In a fourth scheme, Lyons-Valenti signed five Compounding Pharmacy 1 prescriptions for Judd Holt, who previously pleaded guilty to conspiracy to commit health care fraud for his role in the scheme.
On each of the five prescriptions, Lyons-Valenti falsely stated that she had examined the patient’s medical records, conducted a face-to-face examination of the patient, and determined that the prescribed medications were medically necessary, when in fact she had never met or examined any of the five patients, the indictment claims.
Lyons-Valenti also was charged with witness tampering for allegedly making false and misleading statements to a co-worker who was a federal grand jury witness.
Lyons-Valenti called and texted the witness before and after the witness talked to the FBI and before the witness was scheduled to testify in the grand jury, the government claims.
Lyons-Valenti allegedly told the witness to tell the FBI that Lyons-Valenti had examined the witness before prescribing medications for the witness.
Lyons-Valenti also falsely told the witness that Lyons-Valenti had never received any money for writing the prescriptions, the government claims.
The health care fraud and wire fraud conspiracy count carries a maximum potential penalty of 20 years in prison and a $250,000 fine, or twice the gain or loss from the offense.
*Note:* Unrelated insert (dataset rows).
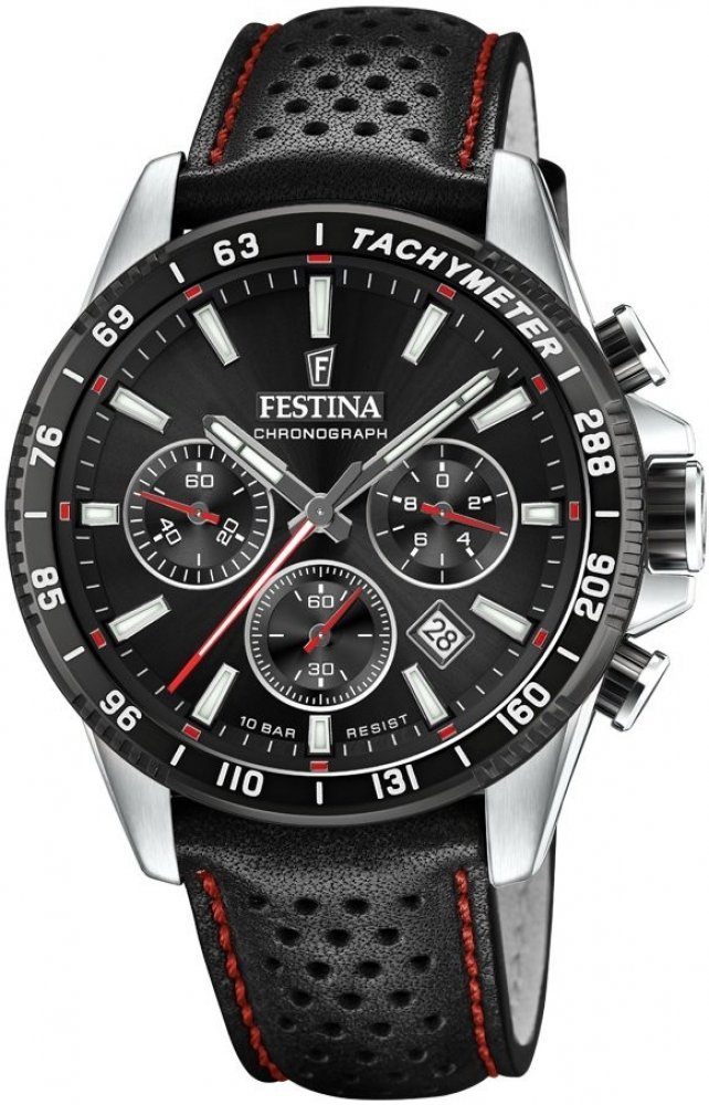 Festina analogové kůže sportovní pánské bateriové - quartz pro potápění (100+ m) 45 mm ocel 100 m bateriové 90 g minerální 2.2 cm bez osazení Timeless Chronograph kulaté černá černá s luminiscencí na přezku 2.2 cm na ruku bez číslic stříbrná ocel pevná 3 11.8 mm 45 mm s dočasným svícením (luminiscence/LED) bez chytrých funkcí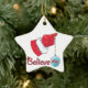 This star shaped whimsical design has a Santa hand with a blue ornament dangling from the end of a string. There is customisable text on the blue ornament for you to add the year. Additional colourful text reads: "Believe". This design makes a great gift for "believers" of any age!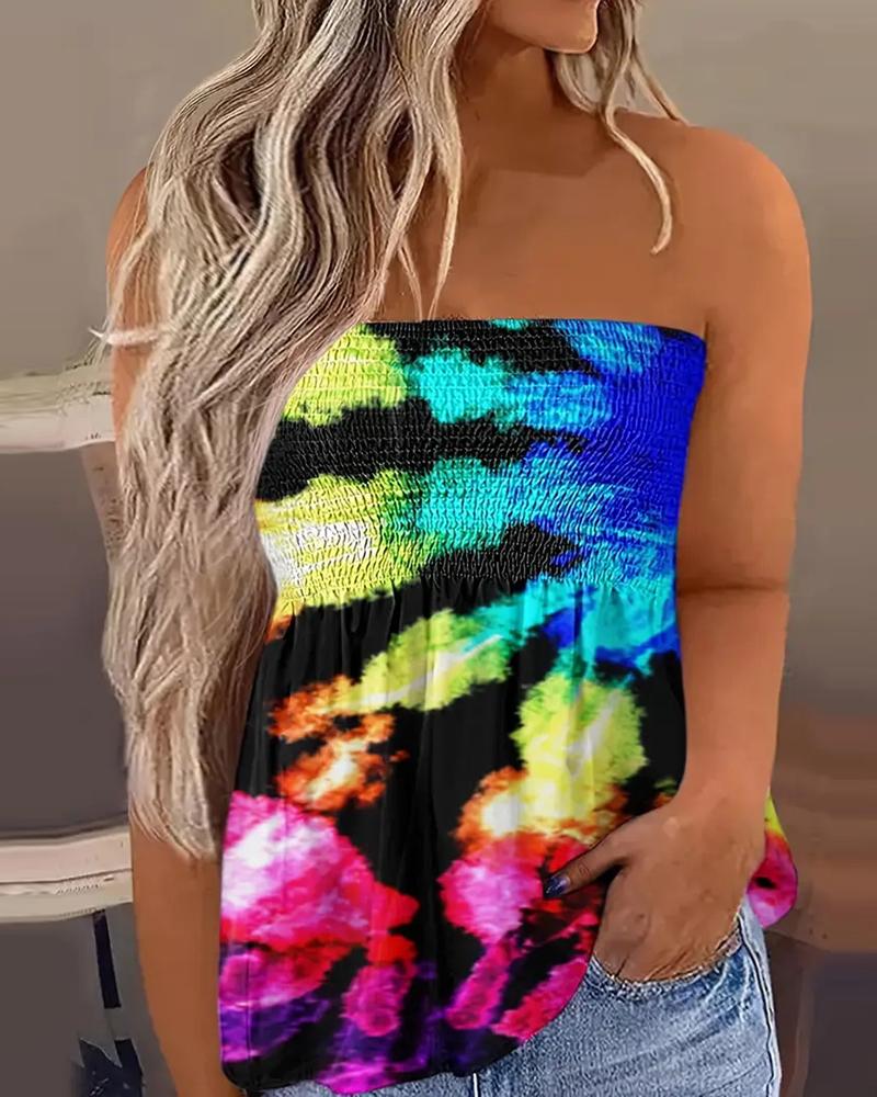 Style:Chic Type:Tank Material:Polyester Neckline:Bandeau Sleeve Style:Sleeveless Length:Regular Pattern Type:Tie Dye Decoration:Ruched,Shirred Fit Type:Regular Occasion:Daily,Vacation Package Include:1*Top Fabric Elasticity:Slight Stretch Sheer:No Care Instructions:Machine wash or professional dry clean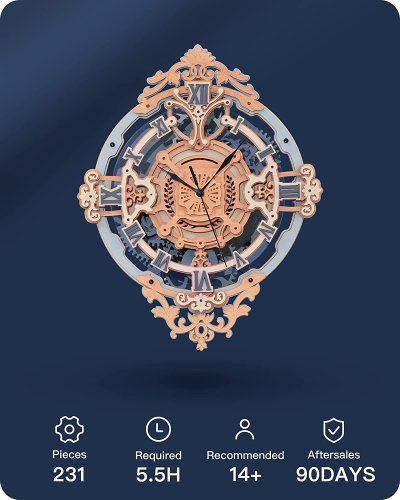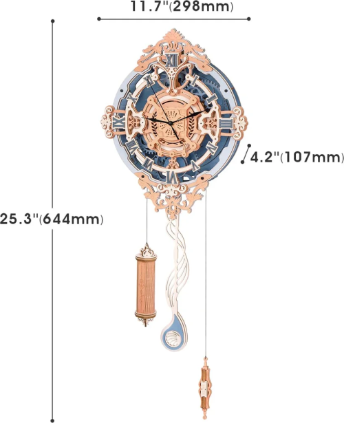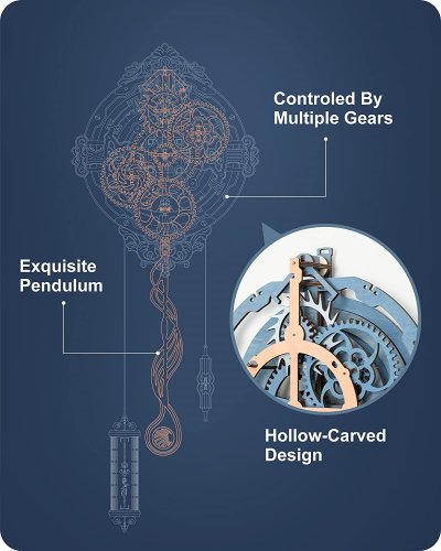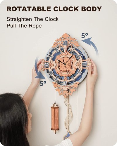 3D puzzle model nástenných hodín je dokonalou kombináciou stroja a romantiky. Ide o skutočné hodiny s kyvadlom, ktoré vám po dokončení ukazujú presný čas.
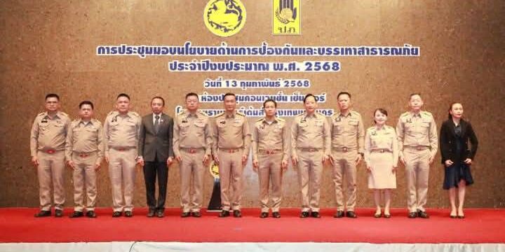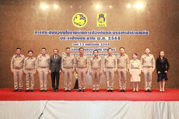 เมื่อวันที่ 13 ก.พ. 68 เวลา 10.30 น. ที่ห้องประชุม convention center โรงแรมรามา การ์เด้นส์ กรุงเทพมหานคร นายทรงศักดิ์ ทองศรี รัฐมนตรีช่วยว่าการกระทรวงมหาดไทย เป็นประธานการประชุม มอบนโยบายด้านการป้องกันและบรรเทาสาธารณภัย ประจำปีงบประมาณ พ.ศ. 2568 เพื่อกำหนดทิศทาง เชิงนโยบายและกรอบแนวทางการปฏิบัติในการป้องกันและบรรเทาสาธารณภัยของประเทศที่เป็นระบบสอดคล้องกับความเปลี่ยนแปลงในหลากหลายมิติและพร้อมรับสาธารณภัยที่รุนแรงมากขึ้นในอนาคต โดยมี นายสมเจตน์ ลิมปะพันธุ์ ที่ปรึกษารัฐมนตรีว่าการกระทรวงมหาดไทย นายขจร ศรีชวโนทัย รองปลัดกระทรวงมหาดไทย นายภาสกร บุญญลักษม์ อธิบดีกรมป้องกันและบรรเทาสาธารณภัย นายพรพจน์ เพ็ญพาส อธิบดีกรมที่ดิน นายนฤชา โฆษาศิวิไลซ์ อธิบดีกรมส่งเสริมการปกครองท้องถิ่น นายพงษ์นรา เย็นยิ่ง อธิบดีกรมโยธาธิการและผังเมือง นางสาวชัชดาพร บุญพีระณัช นายสหรัฐ วงศ์สกุลวิวัฒน์ รองอธิบดีกรมป้องกันและบรรเทาสาธารณภัย นายวินัย โตเจริญ รองอธิบดีกรมการปกครอง ผู้บริหารกรมป้องกันและบรรเทาสาธารณภัย ผู้อำนวยการศูนย์ป้องกันและบรรเทาสาธารณภัยเขต ทุกเขต หัวหน้าสำนักงานป้องกันและบรรเทาสาธารณภัยจังหวัด ทุกจังหวัด ข้าราชการและเจ้าหน้าที่ ปภ. เข้าร่วมประชุมฯ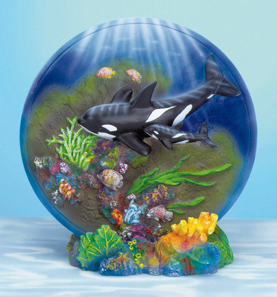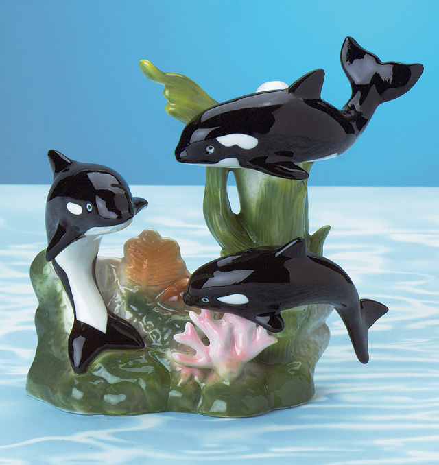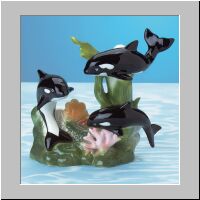Item # 28237 An awe insiring sight-unless you're a fish! A pack of killer whales cruise the reef, and chances are they're not just there to enjoy the beautiful colors! Porcelain. 7" x 3 1/2" x 6 3/8" high. $17.95 |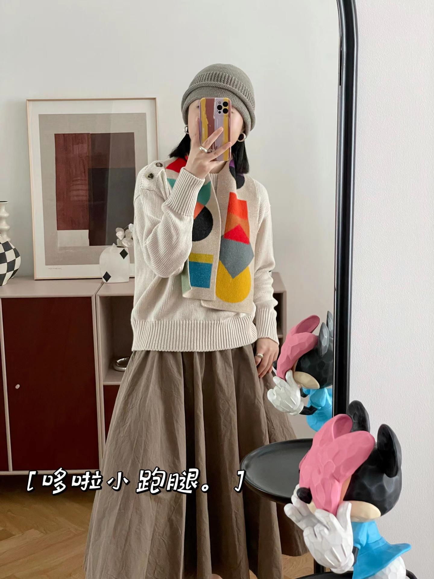 En stock Jo marca británica Dora comprando bufanda tejida tipo lana geométrica a rayas de círculo tamaño pequeño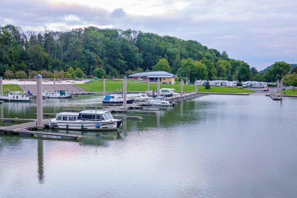 Charleville-Mézières was a bit of a surprise. We had a lot of “fun” trying to get to the motorhome aire, even inadvertently calling by one of its suburbs, “Manchester” (it seemed a long way to drive to only get there!). When we arrived, we found a good spot on the aire, overlooking the marina.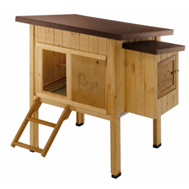 Traitée pour résister à l'extérieur, cette maisonnette est suffisamment spacieuse pour accueillir jusqu'à quatre poules.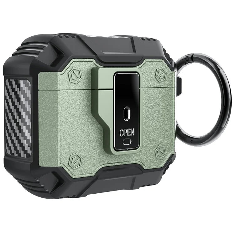 For AirPods 4 Charging Case Cover Button Lock TPU+PC Bluetooth Earbuds Protector with Metal Buckle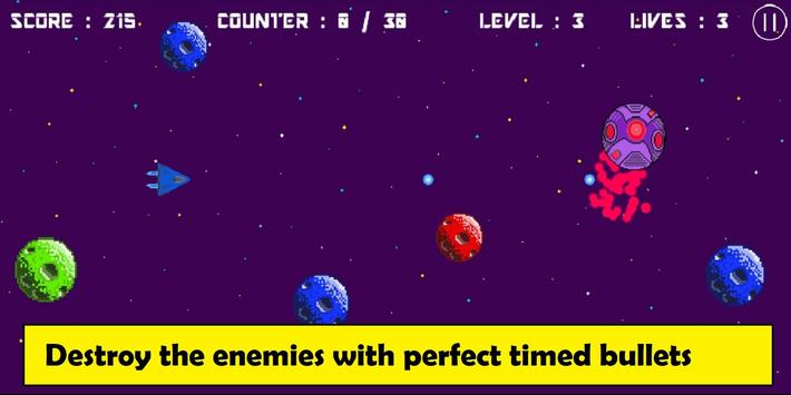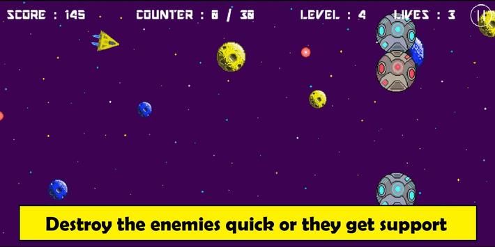 In Asteroid Booster you need quick responses in order to dodge the asteroids and perfect timing to shoot your bullets to destroy the enemy spaceships. Learn to control the jet perfectly to attack your enemies from different angles.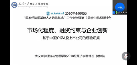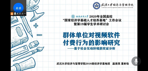 10月25日下午,第十九届学生学术研讨会通过在线会议形式举行。研讨会共设置三个分会场,每一分会场均设置主持人和会务秘书,负责主持会场讨论、针对提出相关意见。来自全国14所高校的34组同学参与会议,并由各组学生代表进行学术报告,展示其课题研究成果。来自永利官网2018级经济学基地班的温美琪、董彬怡和贺梓航同学分别展示了《群体单位对视频软件付费行为的影响研究——基于社会互动环境的实证分析》与《市场化程度、融资约束与企业创新——基于中国沪深A股上市公司的经验证据》两篇参会论文,各位评委老师对文章做出了积极评价,并提出了修改意见,三位同学从中受益良多。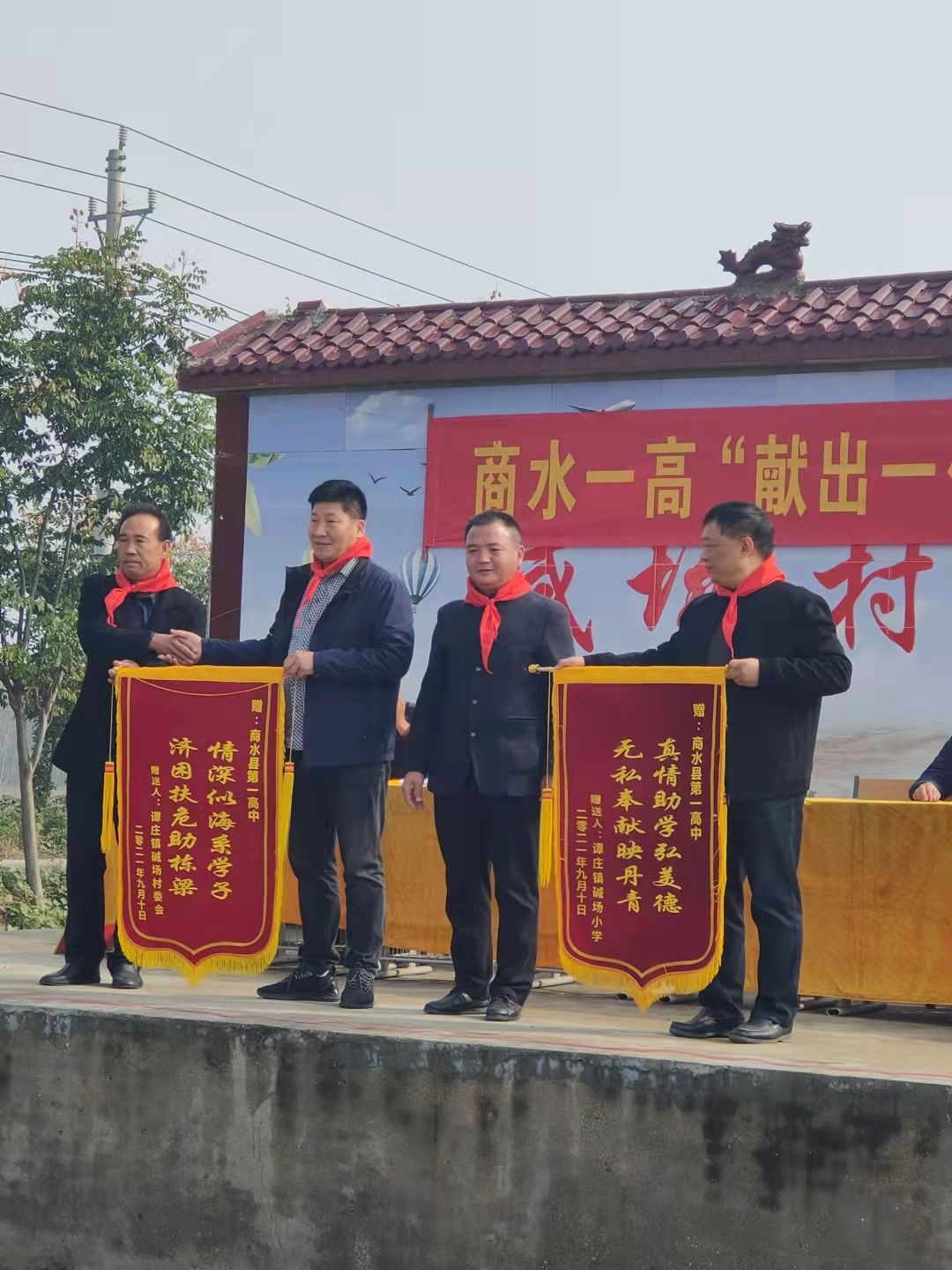 譚莊鎮(zhèn)堿場村村委會、譚莊鎮(zhèn)堿場小學(xué)分別向商水一高贈送內(nèi)容為“真情助學(xué)弘美德,無私奉獻(xiàn)映丹青”“情深似海系學(xué)子,濟(jì)困扶危助棟梁”的錦旗。
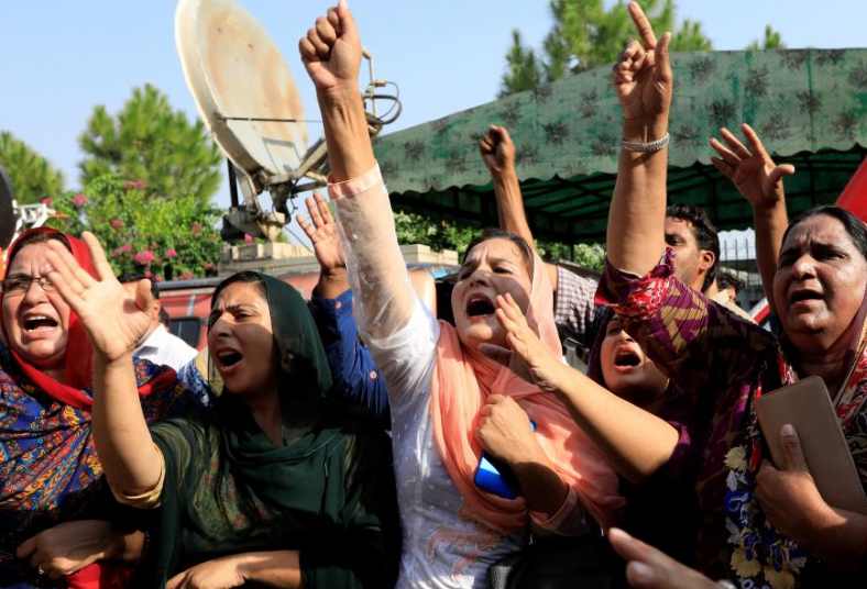 Supporters of former prime minister Nawaz Sharif react as they celebrate following the court's decision in Islamabad, Pakistan, Sept. 19, 2018. /Reuters Photo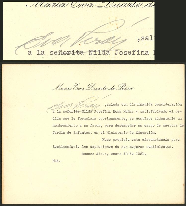 PERÓN, Eva: Letter dated 12/JA/1951, informing a kindergarden teacher about her new appointment as requested. With her hand-written signature, excellent quality, rare document! (Image)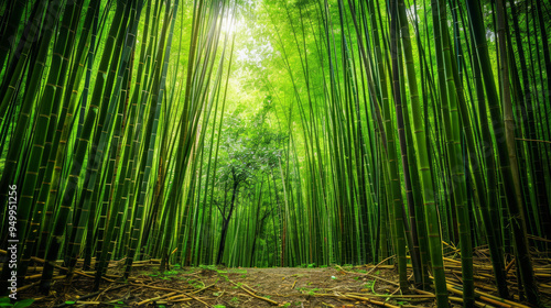 © Jafree, Fototapeta premium Lush Green Bamboo Grove with Tall Stalks Reaching Skyward in a Dense Forest. Concept of Nature, Serenity, Growth, and Environmental Beauty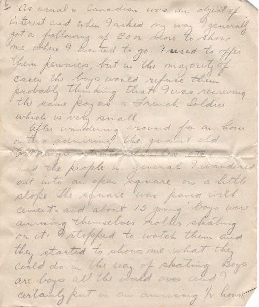 As usual a Canadian was an object of interest and when I asked my way generally got a following of 20 or more to show me where I wanted to go. I used to offer them pennies, but in the majority of cases the boys would refuse them probably thinking that I was recieving the same pay as a French Soldier which is very small.

Each wire fraud count carries a maximum potential penalty of 20 years in prison and a $250,000 fine, or twice the gain or loss from the offense.
Each health care fraud count carries a maximum penalty of 10 years in prison and a $250,000 fine, or twice the gross gain or loss from the offense.
The honest services conspiracy count and the false statement counts each carry a maximum penalty of five years in prison and a $250,000 fine, or twice the gross gain or loss from the offense. The witness tampering charge carries a maximum penalty of 20 years in prison and a $250,000 fine, or twice the gross gain or loss from the offense.